Pas un jour en ces deux années 1919/1921 où ne soit publiée une annonce sur les ventes U.S.
On y vend de tout : des grands et petits baraquements, du bois, des fers à chevaux, du blé, du seigle, des confitures, des chocolats, du corned-beef, du savon, des tentes, des tôles ondulées, des bâches, des balais, des bas, des chaussures, des brodequins, des fringues, des chemises, des vestes, des tricots, des chapeaux de toile, des peignoirs, des mouchoirs, des sous-vêtements, des cuirs, des lits en fer, des couvertures, des matelas, des draps, des serviettes éponges, des oreillers, des machines à écrire (si, si...), du papier machine, des pinceaux, de la papeterie, des articles de bureau, des châssis, des camions, des voitures, des remorques citernes, des tracteurs, des pièces détachées, des bandages pour camions, etc...
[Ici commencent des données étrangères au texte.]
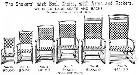 der urtyp des schaukelstuhls geht auf die protestantischen shaker in den usa und das frühe 19. jh. zurück. die shaker-möbel entsprachen der asketischen lebensweise ihrer hersteller: hoch funktional bei verzicht auf schmuck und schnörkel, robust und aus heimischen hölzern wie kiefer, nußbaum oder kirsche gebaut. besonders ihre schaukelstühle – „salem rocker“ genannt – verbreiteten sich rasch, auch nach europa. auf der weltausstellung in philadelphia 1876 lernten sie dann noch das von michael thonet entwickelte bugholz-verfahren kennen und begannen ebenfalls bugholzmöbel herzustellen. thonets berühmter „sessel nr. 1“ von 1849 bestand ja aus über heißem wasserdampf gebogenen rundstäben aus buche, die durch kunstvoll verschnörkelte verbindungsstäbe stabilität erhielten und durch ein rohrgeflecht für die sitzfläche und die rückenlehne. da die einzelnen teile fertigteile waren, die nach dem baukastenprinzip auch mit teilen anderer möbel kombiniert werden konnten, hatte thonet die grundlage für typenmöbel und für die spätere preiswerte serienproduktion geschaffen, auch der schaukelkstühle, die sich nun häufig auch auf gemälden und fotos wiederfinden.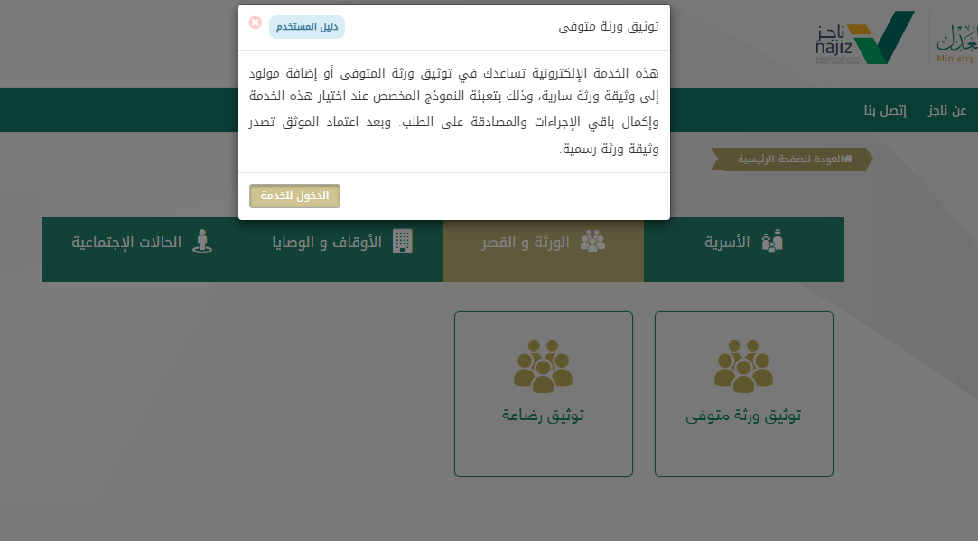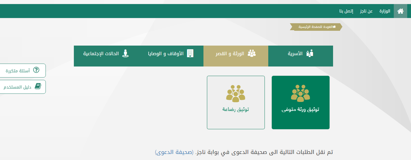 - من ثم اختيار تبويب "الورثة والقصر" من أعلى واجهة الموقع.

Les annonces Kermina, elles, sont toujours en dernière page.
Il est totalement impossible que Guillaume Seznec n'ait pas lu l'une de ces annonces en deux ans...
C'est quand même autre chose que l'annonce O.I.R. de l'autre taffa...
Qui reste encore persuadé qu'il va trouver la clé de l'affaire Seznec dans ses vieux papiers...
Avec toutes ses magouilles...
Seznec aurait-il acheté à crédit aux Kermina quelques marchandises qu'il n'aurait pu rembourser (?)
Les Kermina n'étaient pas des tendres.
En page 160 de Bernez Rouz :
"D'où son mutisme ensuite sur ces trafiquants qu'il connaissait depuis 1920. Seznec se serait tu pour protéger sa famille."
Alors, oui...
Avec cette manne inespérée à portée de mains....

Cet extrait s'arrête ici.